> [Task to carry out]: Except for the images, repeat the entries below word for word.
######
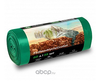 Мешок для мусора ПНД в рулоне 60 л. 55*65 13 мкр (зеленый) (рул. 25 шт)
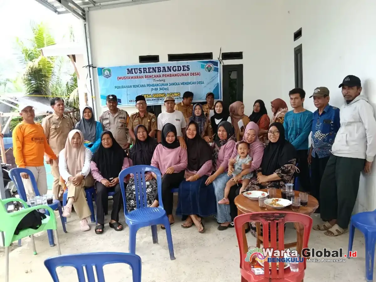 SIRING AGUNG bengkulu.wartaglobal.id Musyawarah desa Penyusunan perubahan rpjmdes dan rkpdes tahun anggaran 2025 di desa Siring agung, Kecamatan kelam tenga kabupaten kaur, bersama dengan BPD menyelenggarakan musyawarah desa (musdes) pada tanggal 15 November 2025.
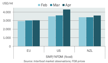Relatively low production of NFDM/SMP continues to push the local price levels upward. There is surprisingly strong demand both within the US and from Mexico and it feels like buyers have decided to bite the bullet to increase their forward coverage. At the current level of about USD 1.95/lb (4300/t) ex works prices appear to stabilize. However, suppliers that have the opportunity to sell within the next two weeks can easily earn USD 2.02-2.05/lb. The futures market is backwardated, with Q3 levels around USD 1.55/lb. We repeat our statement that the sell side does still not concur with the looser outlook and largely refrains from offering at these forward delivery dates.
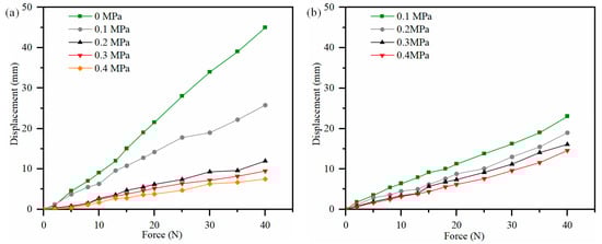 To calculate the stiffness of the stretched PAM, the experiment was repeated four times under five supply air pressures (0 MPa, 0.1 MPa, 0.2 MPa, 0.3 MPa, and 0.4 MPa), with the average value taken. The experimental results regarding the mechanical properties of the PAM are presented in Figure 2. Specifically, Figure 2a shows the experimental results of how the PAM length varies with different additional loads under a specific inflation pressure, while Figure 2b illustrates the variation in PAM stiffness as the supply air pressure increases. It is evident from the above figures that the contracted PAM exhibits greater stiffness than the stretched PAM. Experiments were also conducted to investigate the relationship between internal pressure and PAM length under no-load conditions. The results confirmed that the maximum length of the stretched VSPAM could reach 45 cm at a pressure of 0.4 MPa, which means its effective length was 13% longer than that in its natural resting state (without pressure application). The kinematic modeling of VSPAM is presented in the Supplementary Materials.
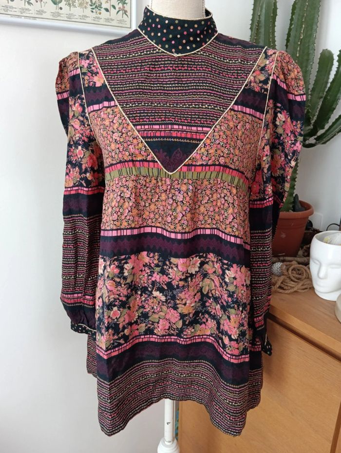 Blouse tunique vintage noire et fleurie - photo numéro 2
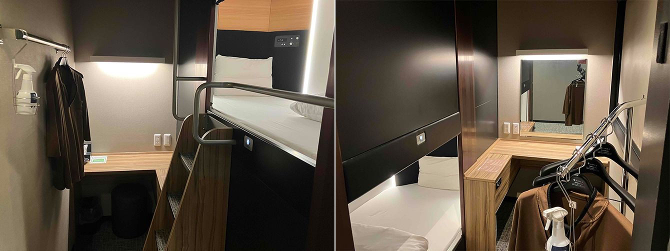 キャビンタイプの左の部屋(ベッドは上)と右の部屋(ベッドは下)。2つの部屋は壁で仕切られている。デスクとイスでは仕事もできる
######
> [Answer space]:
 Мешок для мусора ПНД в рулоне 60 л. 55*65 13 мкр (зеленый) (рул. 25 шт)
 SIRING AGUNG bengkulu.wartaglobal.id Musyawarah desa Penyusunan perubahan rpjmdes dan rkpdes tahun anggaran 2025 di desa Siring agung, Kecamatan kelam tenga kabupaten kaur, bersama dengan BPD menyelenggarakan musyawarah desa (musdes) pada tanggal 15 November 2025.
Relatively low production of NFDM/SMP continues to push the local price levels upward. There is surprisingly strong demand both within the US and from Mexico and it feels like buyers have decided to bite the bullet to increase their forward coverage. At the current level of about USD 1.95/lb (4300/t) ex works prices appear to stabilize. However, suppliers that have the opportunity to sell within the next two weeks can easily earn USD 2.02-2.05/lb. The futures market is backwardated, with Q3 levels around USD 1.55/lb. We repeat our statement that the sell side does still not concur with the looser outlook and largely refrains from offering at these forward delivery dates.
 To calculate the stiffness of the stretched PAM, the experiment was repeated four times under five supply air pressures (0 MPa, 0.1 MPa, 0.2 MPa, 0.3 MPa, and 0.4 MPa), with the average value taken. The experimental results regarding the mechanical properties of the PAM are presented in Figure 2. Specifically, Figure 2a shows the experimental results of how the PAM length varies with different additional loads under a specific inflation pressure, while Figure 2b illustrates the variation in PAM stiffness as the supply air pressure increases. It is evident from the above figures that the contracted PAM exhibits greater stiffness than the stretched PAM. Experiments were also conducted to investigate the relationship between internal pressure and PAM length under no-load conditions. The results confirmed that the maximum length of the stretched VSPAM could reach 45 cm at a pressure of 0.4 MPa, which means its effective length was 13% longer than that in its natural resting state (without pressure application). The kinematic modeling of VSPAM is presented in the Supplementary Materials.
 Blouse tunique vintage noire et fleurie - photo numéro 2
 キャビンタイプの左の部屋(ベッドは上)と右の部屋(ベッドは下)。2つの部屋は壁で仕切られている。デスクとイスでは仕事もできる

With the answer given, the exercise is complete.